For those who do this (post author or anyone else here), how do you deal with low-impact bugs?
As a concrete example, we're building a chat toolkit. One customer observed that in some versions of Firefox, when combining a particular set of features in our product, the scroll position wouldn't be remembered. This was 100% a bug. It's also an edge case of an edge case that likely only happened for this one customer, and even there, had a relatively small impact on UX for a small subset of their users. It was essentially a browser bug, and fixing it would require a big workaround that made one component of our product significantly more complex (and thus more prone to other bugs).
With a zero bug policy, we'd have to fix that before shipping anything else. But it made no business sense to do so, very much in the same sense that building a niche feature used by tiny % of customers tends to make no sense.
But once you let that one fly, there's no zero-bug policy left, right? You can just declare any bug as "not important enough right now" and -poof!- zero bugs! Yay, time to ship features.
For context, I'm talking a comparably small, tight-knit team as the author.
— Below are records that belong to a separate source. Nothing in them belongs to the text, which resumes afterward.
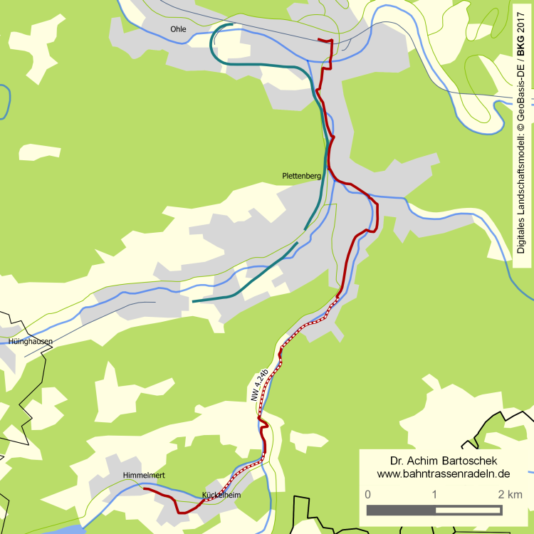 an der Einmündung Am Beiese den Bach links versetzt überqueren: Gansmecker Weg, dann schräg rechts: kurzer R/F (vermutlich im Zuge der alten Trasse; zwei Pfostensperren); an der Brücke schräg links: Am Oesterhammer (l. St.; geradeaus folgen) |
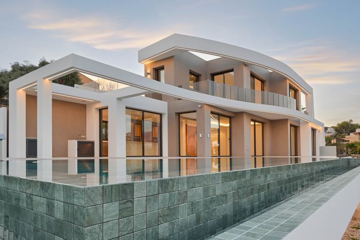 OverviewA sunlit Mediterranean villa on the Costa Blanca that combines tailor-made luxury with authentic comfort, private terraces and sweeping coastal views — an elegant retreat for year-round living. All prices are quoted in EUR.HighlightsDetached villa with private pool and generous sun terracesPanoramic sea and coastline viewsElegant open-plan living areas with high-quality finishesAbundant natural light through large glazing and thoughtful orientationLow-maintenance Mediterranean landscaping and outdoor entertaining spacesConvenient location close to beaches, restaurants and golfInteriorThe interior balances refined materials and warm textures to create a welcoming, light-filled home. Open living spaces flow effortlessly into dining and kitchen areas, encouraging relaxed everyday living and elegant entertaining. Bespoke finishes and careful detailing deliver a sense of understated luxury and lasting comfort.ExteriorOutside, terraces cascade from the house to a private pool and planted gardens designed for Mediterranean living. Multiple seating and dining areas, a built-in barbecue and sheltered corners create an all-year outdoor lifestyle, perfect for al fresco dining and sunset views.LayoutThe villa is arranged to prioritise privacy and social flow, with clear separation between living and sleeping areas and easy access from indoor lounges to external terraces. Practical storage and parking are integrated discreetly to preserve the sense of calm and space.SurroundingsSet on the Costa Blanca, the property is close to golden beaches, coastal promenades, acclaimed restaurants and quality golf courses. The local area offers a relaxed Mediterranean lifestyle with good schools, marinas and leisure amenities — ideal for families or a tranquil second home.
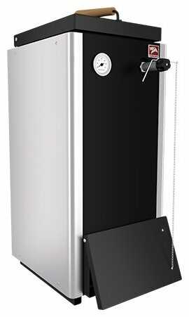 - + Работает на угле, дровах и любом твёрдом топливе. Можно подключить к системе водяного отопления с естественной циркуляцией. Сталь толщиной 4 мм гарантирует долговечность. Загрузка сверху, что в целом удобнее, сразу высыпаешь всё и равномерно, возможно в этом дополнительный секрет экономичности.

If you know what the fix entails and have decided that the fix will make the product worse then that seems different than just not fixing a bug because it's not important enough to look into. If you don't know why the product is broken and what the fix will entail then there could be serious underlying problems that you don't know about and which are getting more expensive to fix with every passing day, but it sounds like that isn't a factor in this case.
To me a zero bug policy doesn't mean that the product will work for every person and every use case, but rather that it's working as intended and there aren't things that are broken for reasons that no one understands.
The policy is that we fix every bug immediately, or decide that it is so unimportant it should never be fixed.
Bugs that are unimportant are neither fixed nor tracked.
Edit: Example of an unimportant bug that I remember: “On Safari, when you resize the browser window, phantom lines appear temporarily in parts of the web page.” We decided it was unimportant because it only happened on desktop Safari, the impact was minor, and it would have been hard to fix.
I would perhaps call this "Bug first policy" vs "Feature first policy", or some such thing, versus "0 bugs"
[0] https://en.m.wikipedia.org/wiki/Principle_of_least_astonishm...
My experience is that you pay a premium early on, but it pays dividends down the line. At some point, little bugs interact.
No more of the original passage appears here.